---- Task material

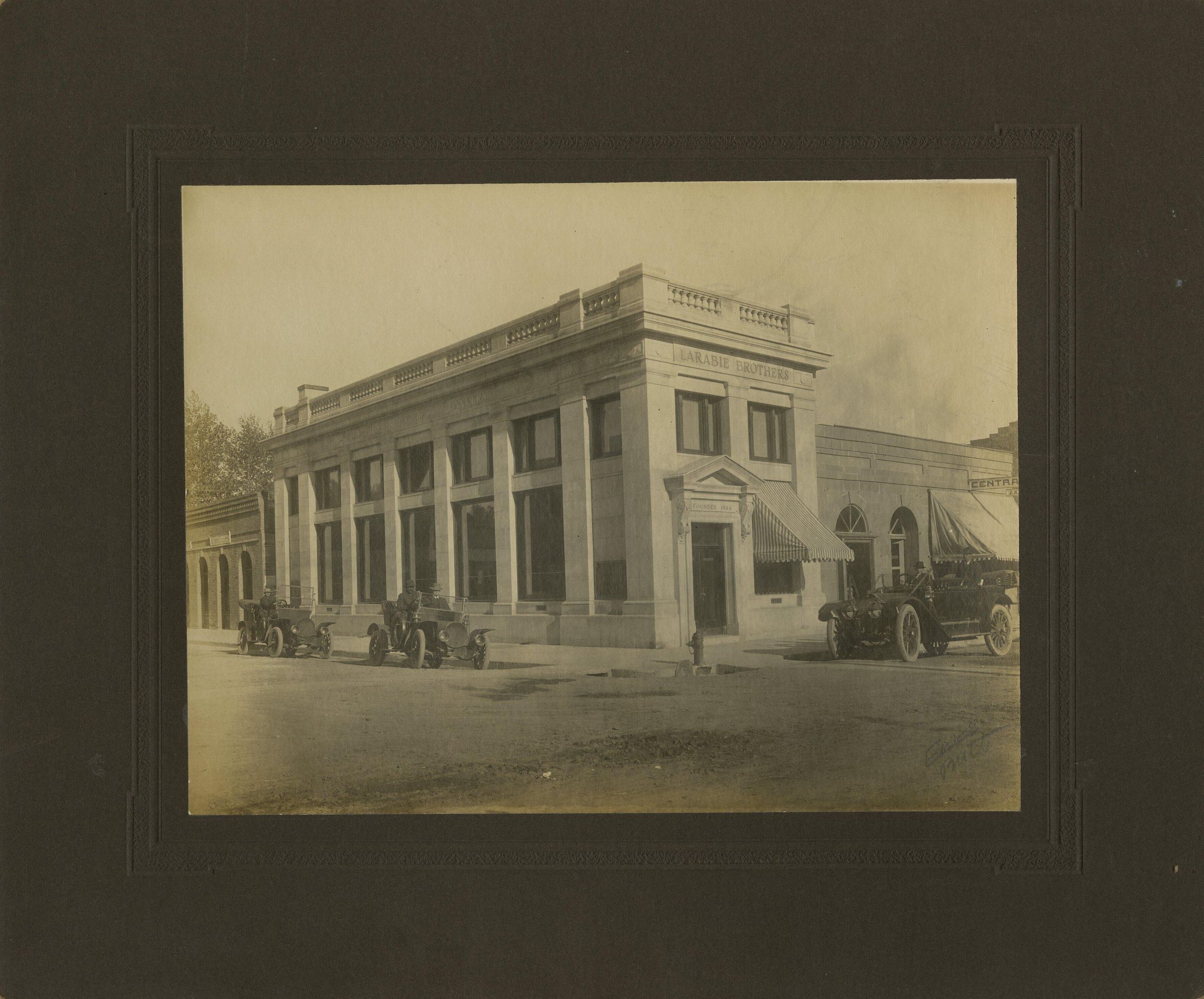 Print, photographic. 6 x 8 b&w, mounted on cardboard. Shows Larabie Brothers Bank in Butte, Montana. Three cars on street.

--------
---- Task material

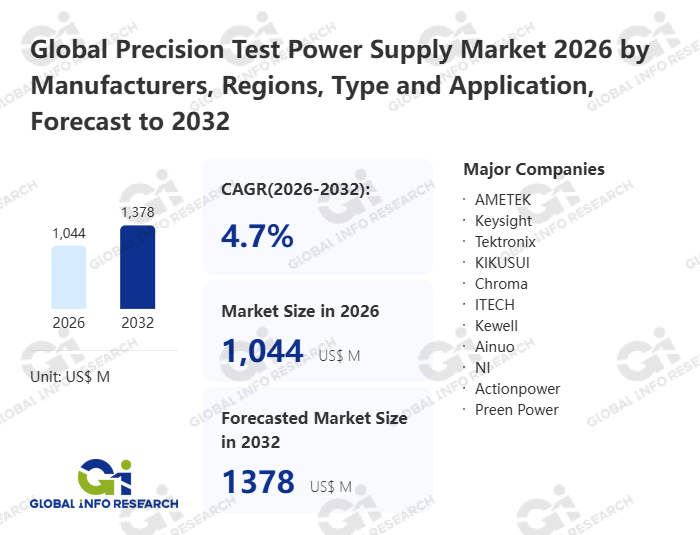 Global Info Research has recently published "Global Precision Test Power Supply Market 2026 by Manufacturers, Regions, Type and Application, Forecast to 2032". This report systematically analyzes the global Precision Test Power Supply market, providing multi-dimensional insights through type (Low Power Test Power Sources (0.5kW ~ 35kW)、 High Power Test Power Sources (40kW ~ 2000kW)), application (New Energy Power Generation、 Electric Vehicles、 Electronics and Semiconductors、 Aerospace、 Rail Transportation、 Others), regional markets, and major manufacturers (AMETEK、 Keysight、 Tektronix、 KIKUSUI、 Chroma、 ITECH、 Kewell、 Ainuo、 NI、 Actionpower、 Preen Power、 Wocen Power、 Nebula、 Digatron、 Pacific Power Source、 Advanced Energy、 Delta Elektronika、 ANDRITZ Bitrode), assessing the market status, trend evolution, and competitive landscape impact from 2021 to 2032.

--------
---- Task material

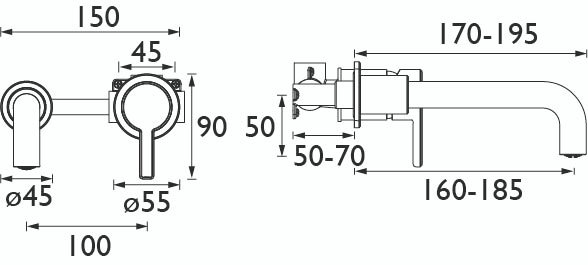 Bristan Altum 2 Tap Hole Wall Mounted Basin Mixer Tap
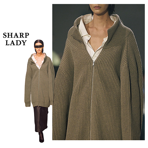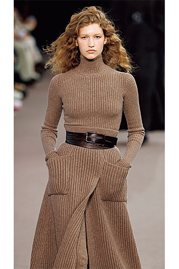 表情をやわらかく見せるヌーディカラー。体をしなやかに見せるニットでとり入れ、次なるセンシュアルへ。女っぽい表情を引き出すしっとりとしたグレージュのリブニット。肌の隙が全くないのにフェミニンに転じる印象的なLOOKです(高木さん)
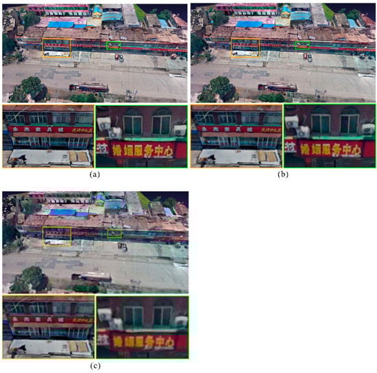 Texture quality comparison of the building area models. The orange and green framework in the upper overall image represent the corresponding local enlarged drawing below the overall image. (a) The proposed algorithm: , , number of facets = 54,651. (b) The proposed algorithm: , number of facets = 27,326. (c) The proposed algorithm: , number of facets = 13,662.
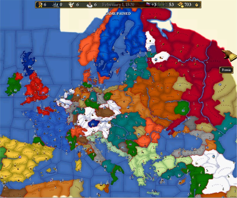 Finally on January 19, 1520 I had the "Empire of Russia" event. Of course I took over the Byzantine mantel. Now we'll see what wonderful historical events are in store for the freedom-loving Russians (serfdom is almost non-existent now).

--------

Exercise directions: Those lines of the records above that run from the one containing "表情をやわらかく見せるヌーデ" through the one containing "Finally on January" should be returned exactly, with no pictures among them.

Response box:
 表情をやわらかく見せるヌーディカラー。体をしなやかに見せるニットでとり入れ、次なるセンシュアルへ。女っぽい表情を引き出すしっとりとしたグレージュのリブニット。肌の隙が全くないのにフェミニンに転じる印象的なLOOKです(高木さん)
 Texture quality comparison of the building area models. The orange and green framework in the upper overall image represent the corresponding local enlarged drawing below the overall image. (a) The proposed algorithm: , , number of facets = 54,651. (b) The proposed algorithm: , number of facets = 27,326. (c) The proposed algorithm: , number of facets = 13,662.
 Finally on January 19, 1520 I had the "Empire of Russia" event. Of course I took over the Byzantine mantel. Now we'll see what wonderful historical events are in store for the freedom-loving Russians (serfdom is almost non-existent now).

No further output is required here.